On top of that, Rachel still owes that demon a debt for saving her life (albeit reluctantly) and that he is sure to come claim it sooner rather than later, and you can see that her life is just as complicated as it was in the first book. So when FIB wants her to consult on a missing person’s case, Rachel is less than thrilled at first… until she discovers that the case might be linked to Trent Kalamack. An opportunity to get back at Kalamack for all he had done to her in book 1 is not something Rachel can pass on.

I absolutely love Rachel. She is capable without being a superwoman. She is funny and sassy, but manages to land herself in ridiculous situation from time to time. But most importantly, she has heart.
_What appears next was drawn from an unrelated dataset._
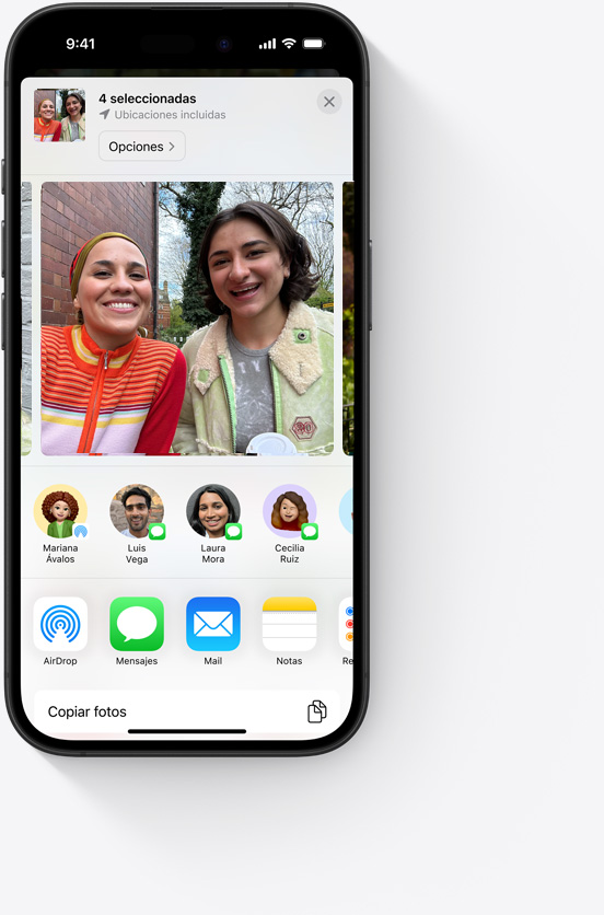 Fototeca Compartida te permite compartir fotos y videos con hasta cinco personas. El contenido compartido de la biblioteca también aparece en Fotos Destacadas y Recuerdos para que revivas tus mejores momentos con las fotos tomadas por los demás.

I love how she grew to care for the rag-tag little family of friends she lives with: a living vampire in denial of her nature and desperately trying to stay off blood, an opinionated pixie with a very large family, and a human  dabbling in magics he has no business dabbling in. Rachel might gripe about their antics and their intrusions into her privacy, but she is also fiercely protective of them and doesn’t hesitate to put their safety above her own.

Some readers complained that Rachel often lets her mouth get the best of her, but I find even that endearing. She is a hot head with a tendency to fly off the handle when angry, but that’s part of who she is. And her big mouth and quick temper land her in hot water more than once in this book.

We also learn a bit more about this fascinating world. It came as a surprise to me that while vampires and weres were originally humans transformed by the lycanthropy and vampire viruses, witches are a completely different species. In fact, unlike weres and vamps, they can’t even have children with humans. Witches are thought to have originated from the demon world and migrated to our world some five thousand years ago along with the elves, hence the animosity between demons and witches.

We also learn a lot more about vampires and the difference between a living and an undead vampire, as well as the intricacies of power and domination between undead vampire and his / her living vamp scions and their human scions / shadows. And we learn more about witches and the difference between earth witches and ley line witches. And  we get some surprising insights into Rachel’s past and her ties to Trent Kalamack!

The plot is intense and fast-paced as well. It kept me turning the pages and screaming, “More please!” when I arrived to the end. Needless to say, I’ve already picked up book 3!

So why did I only put 4.5 stars then? Same problem as book 1 – I can’t stand Rachel’s boyfriend Nick, but he got even more obnoxious in this book. He was just the goodie two shoes boyfriend in book one, but here he showed his reckless side as well. He continues to summon a demon and deal with him even after Rachel reminds him how dangerous that is and that he is slowly losing his soul to him, one little bargain at a time. As a human, Nick is obviously in over his head, yet he insists that he is in no danger, that it’s all gonna be just fine… Yet he flips out and withdraws from Rachel after a certain scene at the end of the book. This reaction showed me that he isn’t a good man, but just a coward. Rant over.

Anyway, I definitely recommend this series for anyone who likes urban fantasy. If you enjoyed Kate Daniels or October Daye series, the Hollows are definitely for you!